61 The Macquarie Dictionary On Line defines punishment thus:
1. the act of punishing.
2. the fact of being punished, as for an offence or fault.
3. that which is inflicted as a penalty in punishing.
62 In my opinion, when considered in the context of disciplinary proceedings under the Act, the issue of a reprimand to an authority holder is inflicted as a punishment for conduct found by the Commissioner, which the Act specifies merits such action. While there is no doubt that the protection of the public is a central purpose sought to be achieved by those proceedings, the fact that a reprimand operates as a public censure with attendant adverse consequences to authority holders is obvious. In Ms Cruz and Mr Preston's case they were reprimanded for improper conduct under s 56(c). While their offences were disciplinary ones, rather than criminal offences, they are nonetheless offences for which they have been punished by reprimand and public censure. I am satisfied that the determinations of the Commissioner to reprimand them under s 62(c) are decisions to impose a penalty under Part 4 of the Act, which give rise to a right to seek a review under s 83B(3)(a).

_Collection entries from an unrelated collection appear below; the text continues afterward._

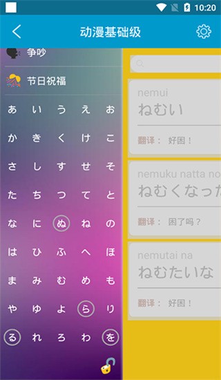 2、日语五十音图:内置日语五十音图,帮助用户系统地学习和记忆日语的基本发音单元,为后续的日语学习打下坚实的基础。
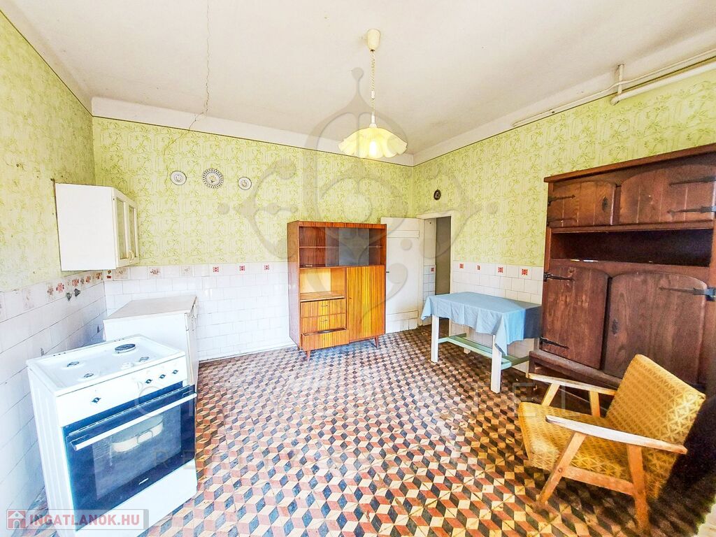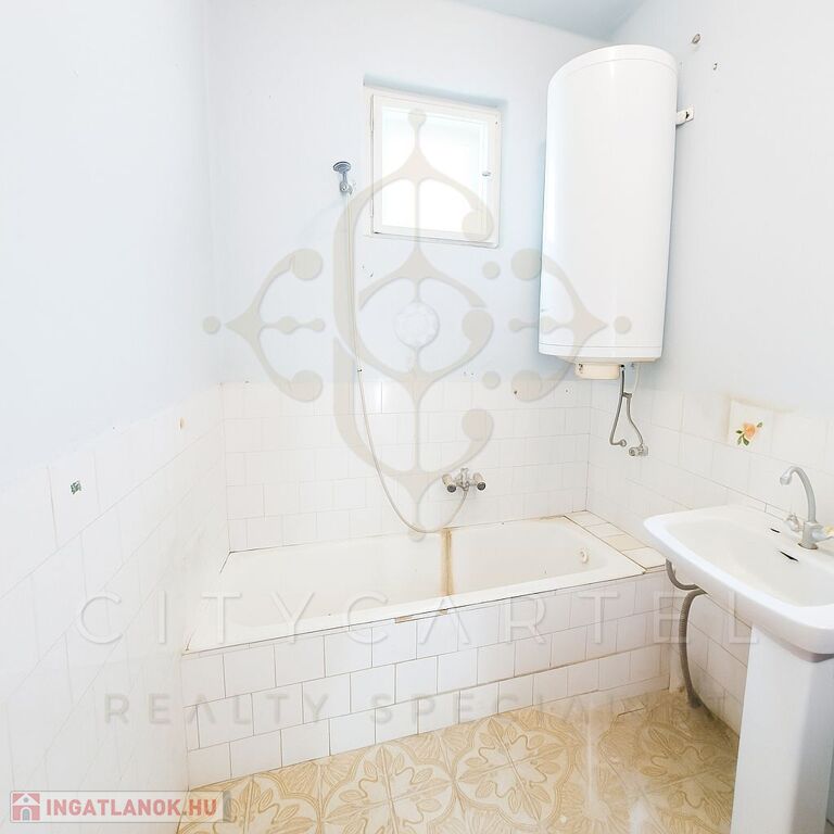 Kiváló statikai állapotban lévő, viszont alapos felújítást igénylő kockaházat kínálunk eladásra az egyedülálló hangulatú, Duna-parti kisvárosban. A település centrumától kissé távolabb, csendes, kertvárosias jellegű utcában található ingatlan az 1960-as végén épült, masszív, száraz, tégla falai mindvégig derekasan állták az időjárás viszontagságait. A rendkívül jó elrendezésű épület középpontjában álló folyosóról két tágas hálószoba, valamint egy kisebb szoba és fürdőszoba nyílik. A ház hátsó traktusában nagy konyha és kamra foglal helyet. A családi ház fűtéséről gázkazánnal üzemeltetett központi fűtésrendszer gondoskodik. Az 1.426 nm-es telken elterülő előkert, udvar és hátsókert rendbetétele szintén az új tulajdonosra vár.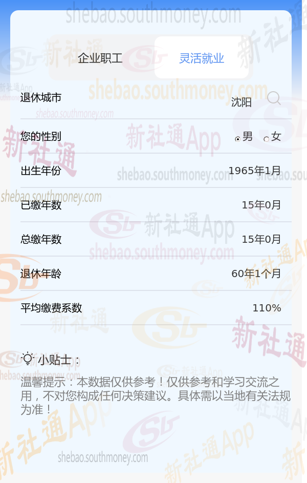 新社通app养老金计算器计算所得:

63 As both Ms Cruz and Mr Preston are persons aggrieved by such a decision, the Tribunal has review jurisdiction under s 83B of the Act and s 38 of the Administrative Decisions Tribunal Act 1997.
64 I note that in their submissions Ms Cruz and Mr Preston raised arguments going to the fact that the Commissioner had always advised them that they had a right to review a decision to reprimand. In view of the conclusion I have reached it is not necessary to traverse that ground.
65 I will direct that these matters be listed for directions on Friday 3 April 2009 at 2pm at which time further directions and any applications for stays will be considered.